29 May 2011/ Press Release
Project Noolaham has been ongoing since the year 2005 and is run by respectable and responsible Tamil intellectuals. The main purpose of the Noolaham Foundation, a registered charity, is to collect rare books and manuscripts from across the globe, and digitize and make them freely available to all researchers.

In the past year, we added more than 3000 documents to our e-library. We operate on a meager annual budget of about Rs. 1.65 million collected from contributions, working with mainly volunteers consisting of young persons who initially conceived the idea.

This evening we met in Jaffna, as we regularly do on the last Sunday of the month.

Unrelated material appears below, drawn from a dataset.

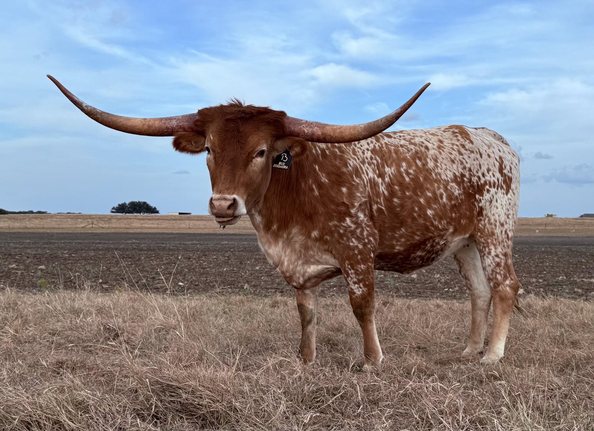 This young heifer combines the horn, color, and maternal depth of BL Kira 952 with the proven performance and refinement of Hubbells 20 Gauge. Her pedigree is stacked with legendary sires including Concealed Weapon, JP Rio Grande, Expedite and Cowboy Tuff Chex β a lineup that ensures both predictability and profitability. 20 Gauge daughters are prized for their feminine structure, horn growth, and consistent color,. Sheβs bred to BUX Big Bux bringing Rebel HR, Over Kill, and Hunts Command Respect bloodlines together β a true powerhouse of size, horn, and proven production. His sire, Rebel HR, has made a name across the industry for throwing exceptional color and horn genetics. This heifer and her expected 2025 calf by BUX Big Bux are a textbook example of modern breeding β elite genetics, performance potential, and investment value. Whether youβre building a foundation herd or adding power to an established program, this pairing brings both immediate appeal and long-term returns.

The highlight today was on preserving sites of ancient cultural heritage through videos and photographs.

As we started, the army arrived and a person identifying himself as Colonel Jayawardene brusquely entered our hall rudely shouting, “Who is in charge?” When the person in charge, an emeritus professor, identified himself, the colonel shouted at him for all to hear: “No LTTE commemorations. Ministry of Defence orders. Do you understand?”

We were allowed to proceed after a Tamil speaking person from the army in civil attire was allowed to sit among us and under the condition that copies of the presentations should be given to him. Soldiers were moving around the hall peeping in on the meeting. As we left, our names, identity card numbers and addresses and telephone numbers were recorded.

Our day was spoilt. The meeting was ruined because we were so worried by the military presence that we could not focus on the speakers. We could not freely express ideas since the military presence and weapons were intimidating. The public will keep off from our functions now and those who rent us halls will be fearful of doing so.

Unfortunately, this is a regular occurrence in Jaffna. Just 2 days ago, an official event at St. Charles’ School was interrupted by the army barging in on a false tip-off.

For peace and prosperity and indeed normality in Jaffna, endeavours like Noolaham’s are of essence. But the gains made by the government are being squandered by the army without any discernment, treating all of us who are Tamil like suspects.

The government, after winning the war, is losing the peace. We must point out the irony of our government working with former hardcore LTTE personnel and using some of them as informants while branding respectable Tamil civilians as LTTE.

I appeal to His Excellency the President to please review how civilians are treated in Jaffna by the military.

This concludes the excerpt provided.